Горят – горю, не горят – горю. Особенно, когда не горят. Когда же то горят, то не горят, то всё тогда уже горит: от неба до земли. Тем паче я. Как амазонский лес, как уши у лжеца.
Девушки с добрыми глазами просеиваются через моё сито, и попадают в крыло матерей и сестёр. Холодные суки, глядящие двумя налакированными пальцами из туфли, ни в чём не просеиваются, и никуда не попадают, вызывая у меня тот же интерес, что фонари, заборы и пожарные гидранты – то бишь, никакой. В этой их очевидной сексуальности отсутствует интрига. Все эти макияжи с сиськой на подносе указывают на отчаяние. Мне нечего ответить им, кроме того, чтобы извлечь из мглы нелепый хуй (а денег нет), и всё – game over, ясно, засопели.
Своих моделей я прошу не наряжаться. И хотя большинство из них отказываются выполнять эту просьбу, в её основе лежит моя убежденность в том, что нарядные люди асексуальны. Ведь наряжаются обычно для чего? Для выхода на люди – т.е., для культурного перформанса. Нарядный человек желает понравиться обществу, произвести впечатление при знакомстве, и демонстрирует в процессе символы, коды, ритуалы, но не, собственно, человека, как сумму особенностей, образующих целое зверя. Чем расфуфыренней, тем меньше хочется подойти к этой мольбе о внимании, к холодному и далёкому социальному телу. В этом платье, под запахом манго, и тремя слоями крема попросту не видать существа.
По-настоящему сексуальна интимность. Интимно, когда девушка взопрела. Когда откусывает мясо, икает, ест торт, или твоё сердце. Когда бреет ноги. Или когда выдёргивает чеку тампона, а ёжик шепчет: “Можжевеловое”. Когда позволяет тебе попасть под лак, за ширму, под наряд из конфет – в постели, например, только проснувшись, без бровей и прочих спецэффектов. Возможность видеть девушку без макияжа – это комплимент; признак доверия, близости. Пыльные пудры, мазутные ресницы, вся эта горькая косметика на скулах, а ещё накладные ногти, челюсти, бёдра, стиснутые в платья, как военнопленные, – всё это какой-то манок для лоха, и не сравнится с человеком тёплым, мягоньким, как булка.
В общем, ни мамы, ни сёстры, ни суки, ни дамы. Мне по душе русалки и пацанки. Не столько противоречащие друг другу, сколько друг друга дополняющие. Одни утонули и смотрят из тины своих бесконечных волос глазами печальными, как тающие льды от клаймат чейнджа. Другие – как мальчишки, только без хуйни.

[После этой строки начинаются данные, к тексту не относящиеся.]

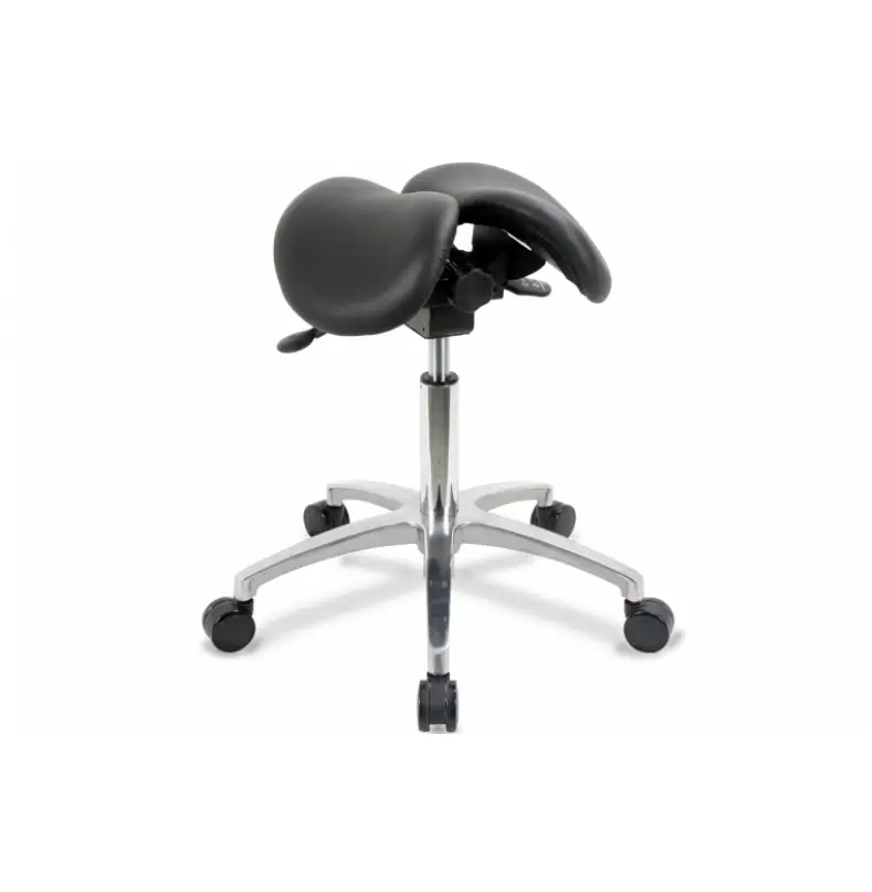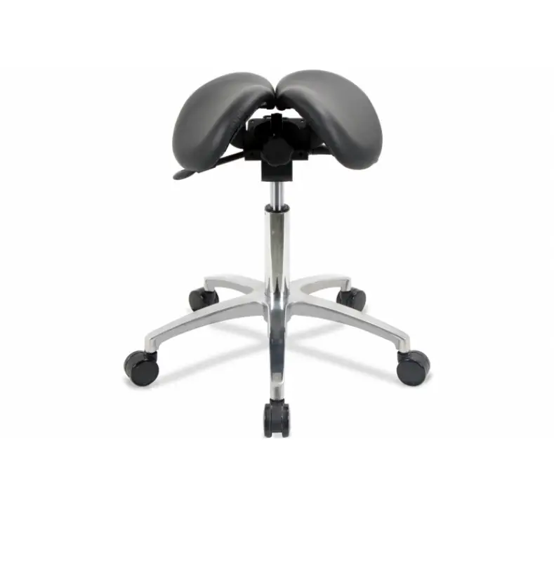 Toppe 40/2 -satulatuolissa on kaksiosainen, leveydeltään säädettävä istuin, joka mahdollistaa optimaalisen asennon ja vähentää lantion sekä alaselän rasitusta. Pehmustettu ja aidolla nahalla verhoiltu istuin tarjoaa ylellistä mukavuutta ja erinomaista tukea pitkäänkin työskentelyyn.

И утопленниц, и склонных оказываться лесбиянками пацанок объединяет невозможность быть со мной за пределами пары недель. А чаще – вечеров. И эта обречённость чувства является тем, что, при наличии некоторого количества взаимности и психоза, превращается в газ эмоционального потрошения: то с ней целуется, то убегается, то её хочется, то нет, и она тоже так, и всё то остро, то тупо, а, стоит покою наклюнуться, кто-то из нас его обязательно саботирует. Потому что любовь – это не озеро. Любовь – это вулкан. И если не горит, не кроет своей сплошь полено – что это за романтика тогда? Хуйня! Трение тел в пространстве перед работой? Организованный коитус здравомыслящих прагматиков с целью репродукции? Хюгге? Нет уж! Кто не сошёл с ума, тот не любил.
В чечётке лопающихся аневризм я начинаю видеть жёлтые сны. Они вытесняют неудобные правды реальности, напирают на неё своими блестящими животами, и вот уже я в Диснейленде – держу за шиворот эту Поночку, и говорю в неё: “люби”, она: “люблю”, а я: “люби сильней”, она: “ну погоди же, вечер только начался”, а я: “ах так, холодная ты утка?!” И дальше меркнет всё, и гаснет всё, и я погас; зато цветы – цветут: всё пишется, бежит, словно бегун, и сразу двести фото, триста фильмов. Ну а в покое счастья остаётся только вскрыться. Так что уж лучше вспыхнуть, и сгореть за раз, чем тлеть, как сраная листва и дура-осень.